→ Instructions for the task: Without the pictures, can you quote each line below exactly?

→ Entries shown:
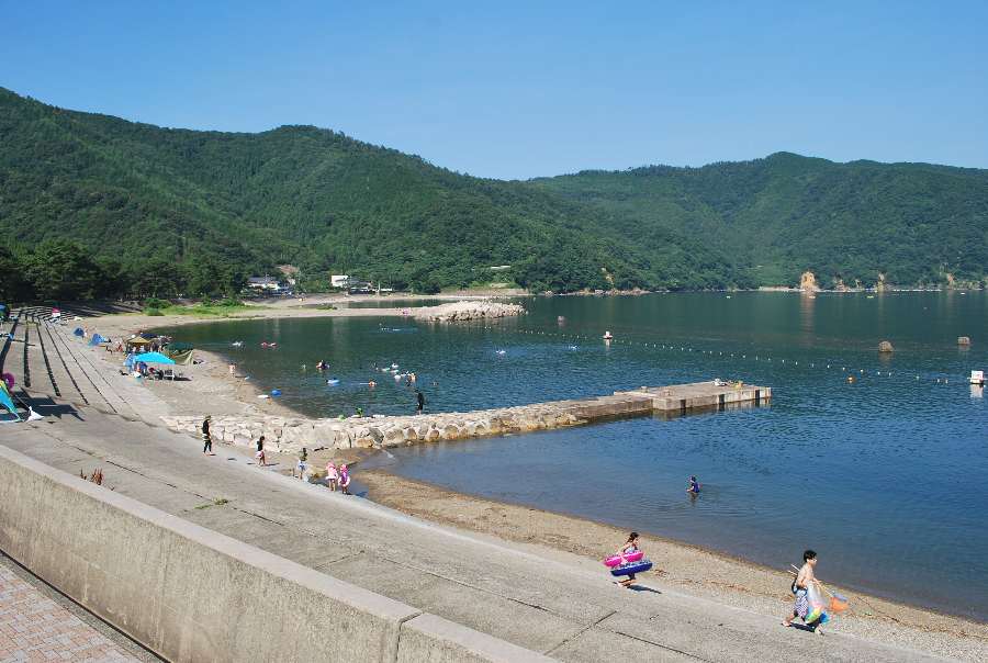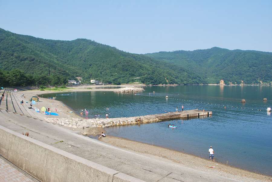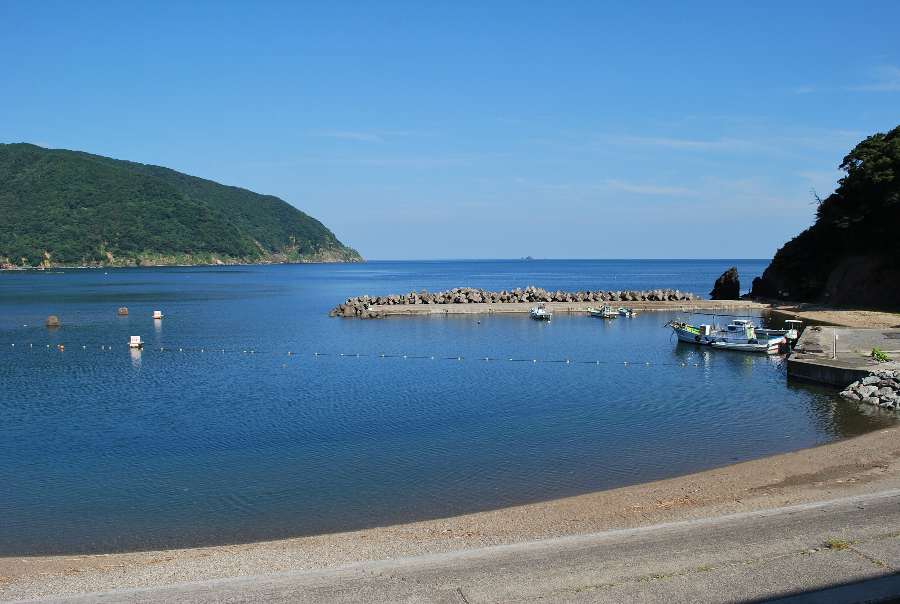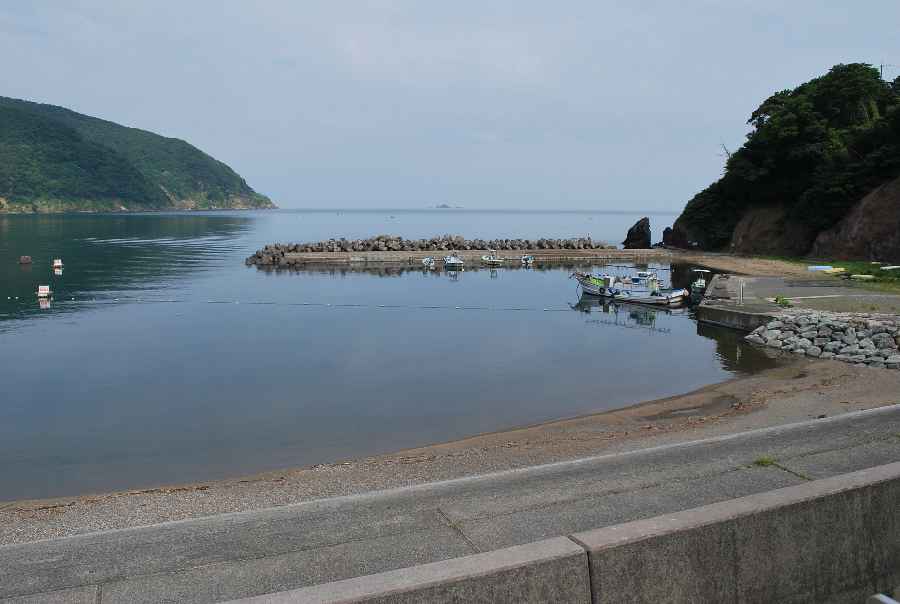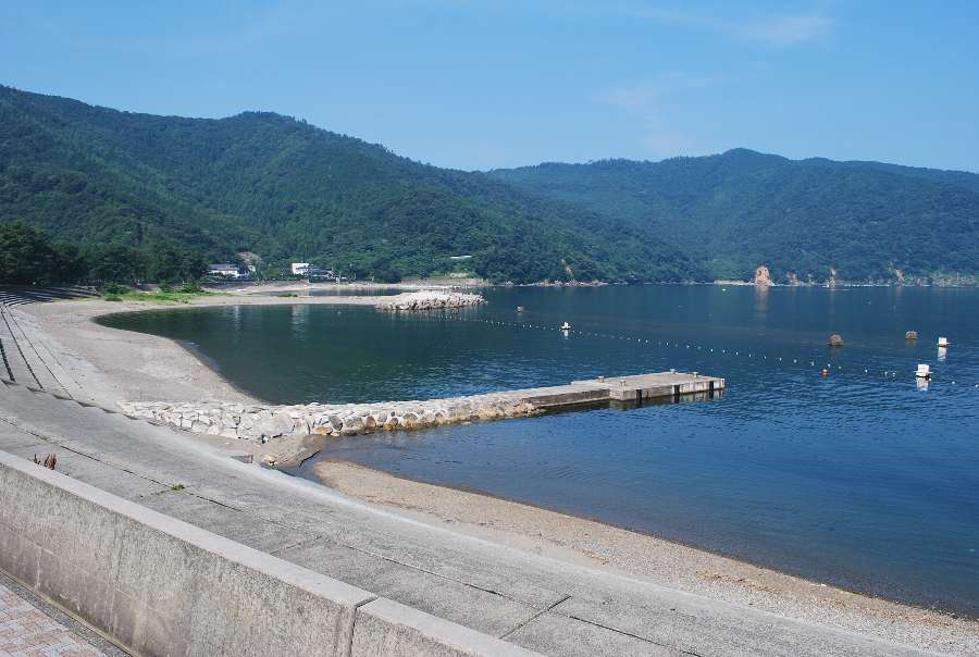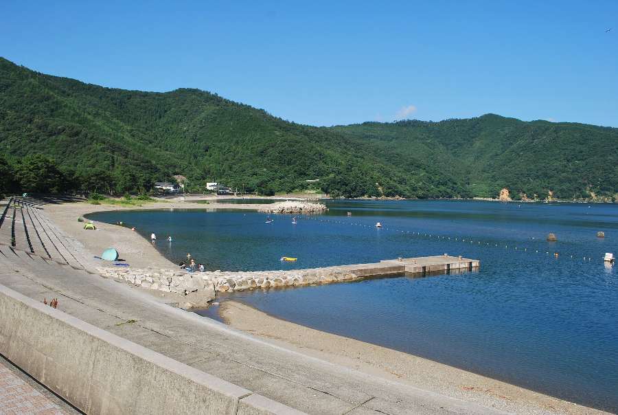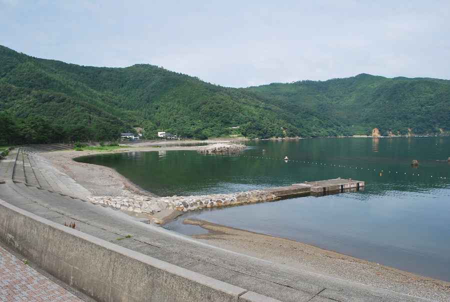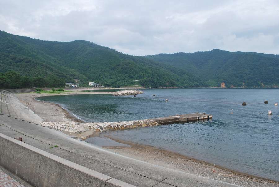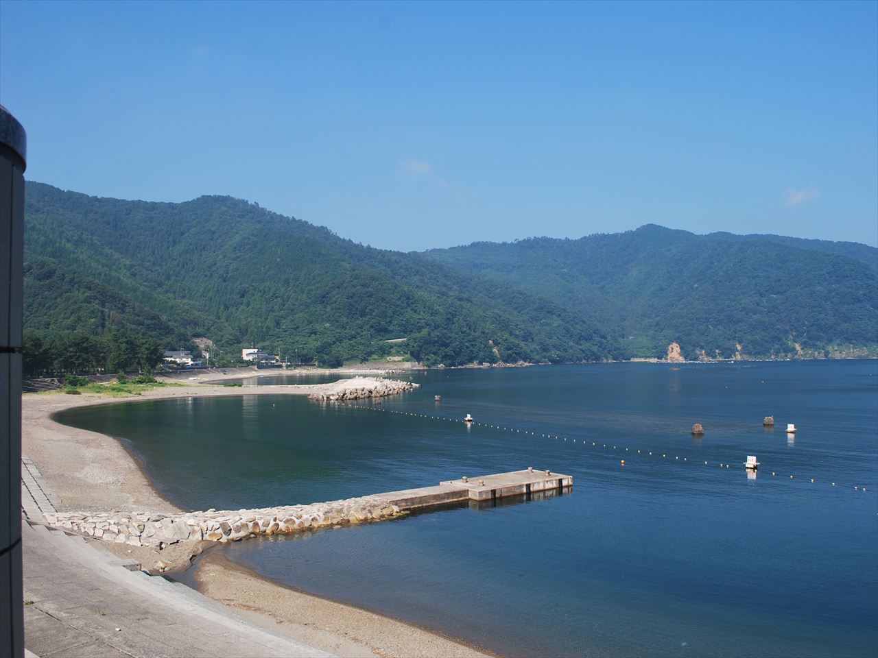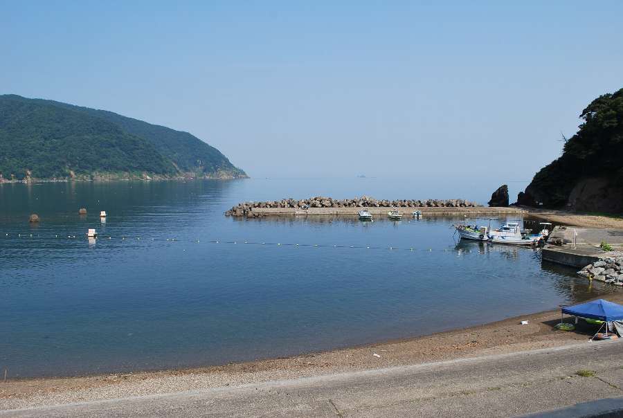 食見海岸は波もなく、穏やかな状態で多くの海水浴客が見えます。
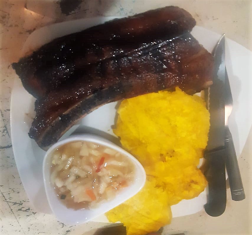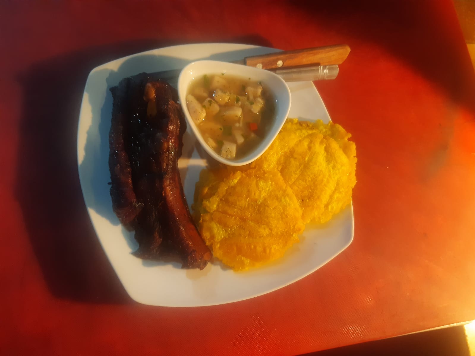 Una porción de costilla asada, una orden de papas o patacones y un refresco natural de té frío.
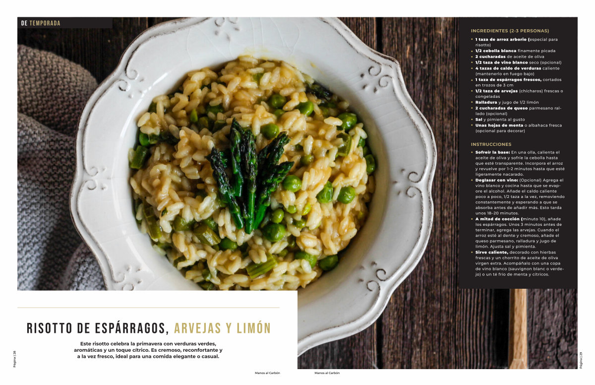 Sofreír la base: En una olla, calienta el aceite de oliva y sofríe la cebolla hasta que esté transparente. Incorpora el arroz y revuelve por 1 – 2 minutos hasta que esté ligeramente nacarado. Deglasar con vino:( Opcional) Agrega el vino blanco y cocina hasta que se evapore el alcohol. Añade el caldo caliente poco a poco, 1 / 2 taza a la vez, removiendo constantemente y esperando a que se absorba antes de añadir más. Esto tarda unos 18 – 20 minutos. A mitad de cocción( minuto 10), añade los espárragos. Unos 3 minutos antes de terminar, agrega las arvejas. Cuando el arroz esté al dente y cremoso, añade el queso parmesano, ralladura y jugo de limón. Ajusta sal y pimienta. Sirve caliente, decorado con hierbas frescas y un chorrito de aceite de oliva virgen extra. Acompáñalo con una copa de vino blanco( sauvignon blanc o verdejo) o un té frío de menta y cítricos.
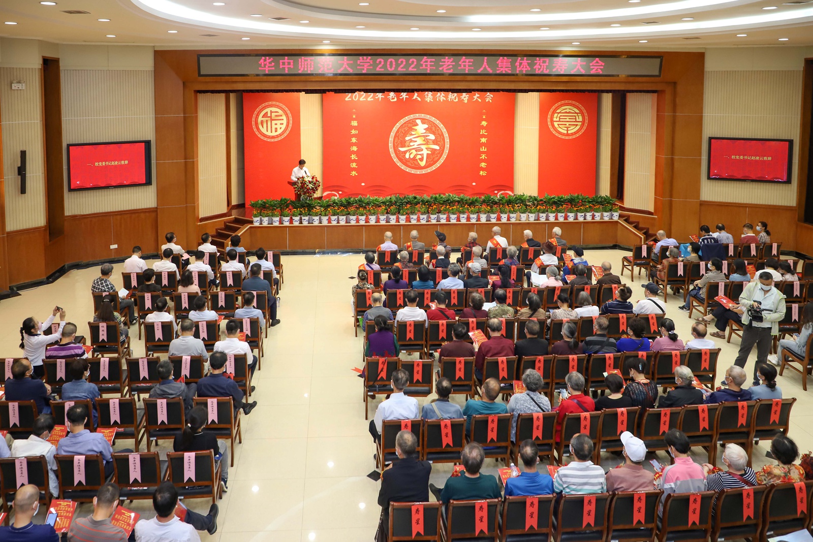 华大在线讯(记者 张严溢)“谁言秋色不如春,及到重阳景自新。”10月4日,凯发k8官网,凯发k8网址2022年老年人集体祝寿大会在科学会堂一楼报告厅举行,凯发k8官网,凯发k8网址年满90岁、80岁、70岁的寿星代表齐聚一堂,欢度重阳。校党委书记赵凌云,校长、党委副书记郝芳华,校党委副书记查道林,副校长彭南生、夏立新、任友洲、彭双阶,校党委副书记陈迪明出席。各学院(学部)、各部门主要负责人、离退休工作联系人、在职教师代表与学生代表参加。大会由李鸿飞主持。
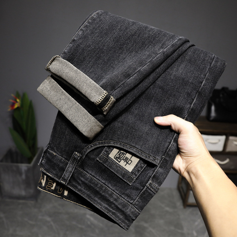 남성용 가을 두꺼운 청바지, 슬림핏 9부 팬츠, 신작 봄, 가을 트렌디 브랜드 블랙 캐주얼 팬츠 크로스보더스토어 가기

→ Solution for this exercise:
 食見海岸は波もなく、穏やかな状態で多くの海水浴客が見えます。
 Una porción de costilla asada, una orden de papas o patacones y un refresco natural de té frío.
 Sofreír la base: En una olla, calienta el aceite de oliva y sofríe la cebolla hasta que esté transparente. Incorpora el arroz y revuelve por 1 – 2 minutos hasta que esté ligeramente nacarado. Deglasar con vino:( Opcional) Agrega el vino blanco y cocina hasta que se evapore el alcohol. Añade el caldo caliente poco a poco, 1 / 2 taza a la vez, removiendo constantemente y esperando a que se absorba antes de añadir más. Esto tarda unos 18 – 20 minutos. A mitad de cocción( minuto 10), añade los espárragos. Unos 3 minutos antes de terminar, agrega las arvejas. Cuando el arroz esté al dente y cremoso, añade el queso parmesano, ralladura y jugo de limón. Ajusta sal y pimienta. Sirve caliente, decorado con hierbas frescas y un chorrito de aceite de oliva virgen extra. Acompáñalo con una copa de vino blanco( sauvignon blanc o verdejo) o un té frío de menta y cítricos.
 华大在线讯(记者 张严溢)“谁言秋色不如春,及到重阳景自新。”10月4日,凯发k8官网,凯发k8网址2022年老年人集体祝寿大会在科学会堂一楼报告厅举行,凯发k8官网,凯发k8网址年满90岁、80岁、70岁的寿星代表齐聚一堂,欢度重阳。校党委书记赵凌云,校长、党委副书记郝芳华,校党委副书记查道林,副校长彭南生、夏立新、任友洲、彭双阶,校党委副书记陈迪明出席。各学院(学部)、各部门主要负责人、离退休工作联系人、在职教师代表与学生代表参加。大会由李鸿飞主持。
 남성용 가을 두꺼운 청바지, 슬림핏 9부 팬츠, 신작 봄, 가을 트렌디 브랜드 블랙 캐주얼 팬츠 크로스보더스토어 가기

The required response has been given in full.